How do the French get away with a clean bill of heart health despite a diet loaded with saturated fats? Scientists have long suspected that the answer to the so-called “French paradox” lies in red wine.  Researchers from industry and academia, including the University of Wisconsin-Madison and the University of Florida, and the open-access journal Public Library of Science (PLoS) ONE, report that low doses of resveratrol — a natural constituent of grapes, pomegranates, red wine and other foods — can potentially boost the quality of life by improving heart health in old age. A small amount in the diets of middle-aged mice had a widespread influence on the genetic causes of aging. Specifically, the low dose of resveratrol mimicked the heart-healthy effects of what is known as caloric restriction, diets with 20 to 30 percent fewer calories than a typical diet. The new study is important because it suggests that resveratrol and caloric restriction may govern the same master genetic pathways related to aging. The similarities were remarkable. The new study showed that resveratrol in low doses, beginning in middle age, could elicit many of the same benefits as a reduced-calorie diet. The authors noted that a glass of wine or food or supplements containing even small doses of resveratrol were likely to help stave off cardiac aging.

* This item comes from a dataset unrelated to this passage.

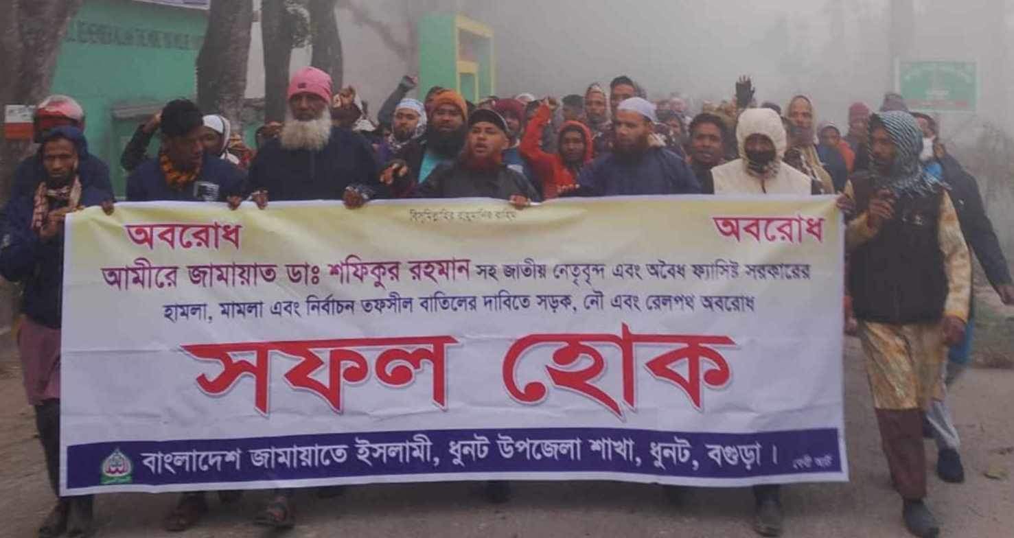 ধুনট (বগুড়া) প্রতিনিধি।।বগুড়ার ধুনট উপজেলা জামায়াতে ইসলামী অবরোধ কর্মসুচী পালন করেছে। জাতীয় নেতৃবৃন্দের উপর মামলা নির্যাতনের প্রতিবাদ ও নির্বাচনী তফসীল বাতিলের দাবিতে রবিবার এ কর্মসুচী পালিত পালিত হয়।র্যালী শেষে সংক্ষিপ্ত পথসভা করে জামায়াত।

In the heart, for example, there are at least 1,029 genes whose functions change with age. In animals on restricted diets, 90 percent of those heart genes experienced alterations in gene expression, while low doses of resveratrol thwarted age-related change in 92 percent. The new findings, said the study’s authors, revealed how red wine’s special ingredient helped keep the heart young and stave off cardiac aging. Mitochondria, which are everywhere as the tiny power plants that keep a cell functioning, were affected by resveratrol which seemed to promote mitochondrial health and reduce the cells vulnerability to the oxidative damage that accumulates during the aging process. Viva resveratrol and pass the bottle!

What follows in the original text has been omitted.